A ruthless Madison Keys crushed CoCo Vandeweghe 6-1, 6-2 in the second semi-final.It will be the first time two American women have played for the title since 2002 when Venus lost 6-4, 6-3 to her younger sister Serena Williams.

“I have no words to describe what I‘m feeling what it took to get here. The journey I took. I have no words,” said Stephens, who underwent foot surgery last February.

“If someone told me I’d make two semis and a grand slam final this year I would have passed out, which is what I feel like doing now. “I don’t know how I got here. Hard work, that’s it.”

The 24-year-old Stephens, 13 years younger than Williams, paid tribute to the seven-time Grand Slam champion.
”For American tennis there’s no question marks. The proof is in the pudding. American tennis, here we are,” she said.

Despite her lack of match play this year, Stephens began confidently and broke for 3-1 when Williams netted a routine forehand and then went on to win the last three games of the set as the 37-year-old strangely appeared to struggle with serve.

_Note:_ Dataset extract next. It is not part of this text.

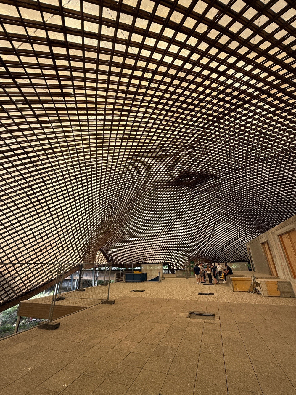 When Frei Otto designed the Multihalle in Mannheim in the late 1970s, he wasn’t just building a venue for a garden exhibition—he was redefining what architecture could be. The sweeping timber lattice shell was groundbreaking: light, fluid, and designed with minimal material yet maximum impact. It was a façade that felt alive, blending engineering precision with organic form.

Keys, who was absent from the first two months recovering from wrist surgery, delivered an old fashion thrashing as she needed just 66 minutes to beat Vandeweghe, who also lost in the Australian Open semi-finals.

"I definitely was starting to feel it and I was afraid if I went too far into a corner then something more serious could happen so I felt I needed to get it worked on sooner rather than later," said Keys."I feel great right now, I don't think I could feel better than I do now," she added.